Lillian and Caleb Reekie

Lillian and Caleb Reekie
Mother and son wanting to make a difference for other families. Please click image above to view further information. PLEASE NOTE: Video bar should show 2 videos with Lillian on them. You may get a pop up of 4 other unrelated videos. Please ignore as the other 2 videos will come back. You can also close the page, then reopen to see if that helps. Videos also posted on Wednesday April 21st.

Monday, April 26, 2010

TIP OF THE WEEK- By Lillian Reekie

TIP 6-

Treat your children like a well respected visitor or guest in your home.*

If you pay your children the common courtesy you would a respected guest in your home it is highly likely that it will be reciprocated.
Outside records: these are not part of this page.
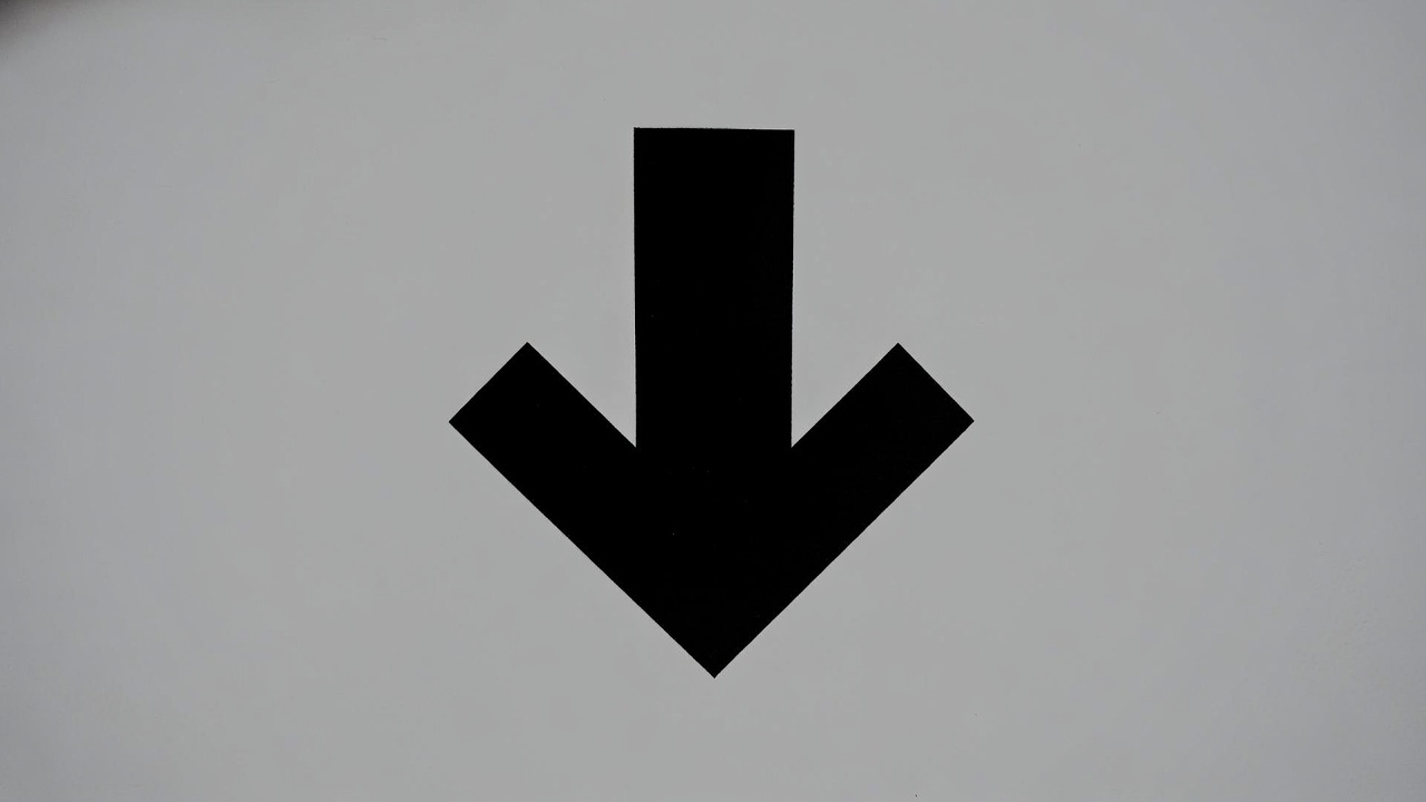 arrow icon, black arrow, bold arrow, clipart, direction, downward arrow, graphic, gray background, illustration, pointer, simple icon, symbol, vector, down arrow
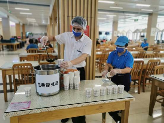 “同学,免费绿豆汤可以续杯喔!”食堂经理一边给同学分发绿豆汤,一边微笑提醒。
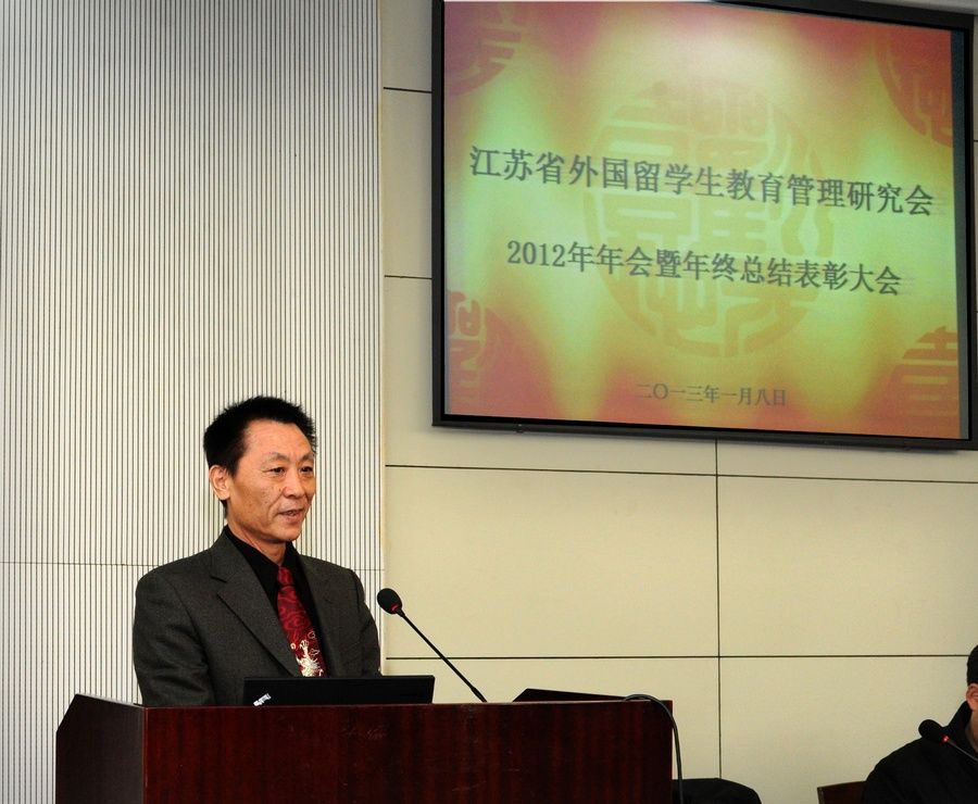 南京中医药大学校长、江苏省外国留学生教育管理研究会会长吴勉华做了2012年研究会工作总结报告。省教育厅国际合作与交流处袁靖宇处长回顾盘点了2012年江苏省来华留学生的整体工作,并对2013年的工作作了部署和展望;省外办领事专家处钱根清副处长、省公安厅出入境管理总队崔广跃副总队长、省出入境检验检疫局国际旅行卫生保健中心钟志健主任和南京市公安局出入境管理支队王兴荣大队长分别对2012年全省各高校来华留学生管理工作作了总结,并对今后工作提出新的要求。

The more you treat your children this way the more they will want to treat you the same. We use this courtesy in most instances when dealing with other adults at work or in social situations, so why not with our children?

*Think of a situation in YOUR life when you HAVE NOT been treated with respect. It may have been by a parent, a teacher, a spouse, a sibling, a friend, a co worker or a boss or superior at work. How did you feel? or How would you imagine feeling if you have had the good fortune of never being treated this way? Did you or would you respond positively to being treated this way? Would you want to cooperate and be helpful?

Now imagine how your child may feel if they are being controlled, belittled, yelled at or even told they are hopeless or useless etc. Imagine how they feel if they are not given the opportunity to voice THEIR opinion or thoughts, if they are TOLD what to do and ordered around like a slave*. Do you think they would want to be the most cooperative and have the best and loving attitude?

Think about the words/tone you use and how they come across to your child and then ask yourself... “Is that the way I would like to be spoken to?”

*Slavery is asking or making someone do something without saying please. It is expecting obedience. A slave has only one purpose in life, and that’s to destroy the master.(from conversations with Frank in The Revolting Child book)


2 comments:

  1. An email comment from Wendy...

    Firstly this is my favourite tip so far.

    It is so true, how many times do you hear people talking to their children like dogs then wonder why they are having challenges.

    What you are doing is great.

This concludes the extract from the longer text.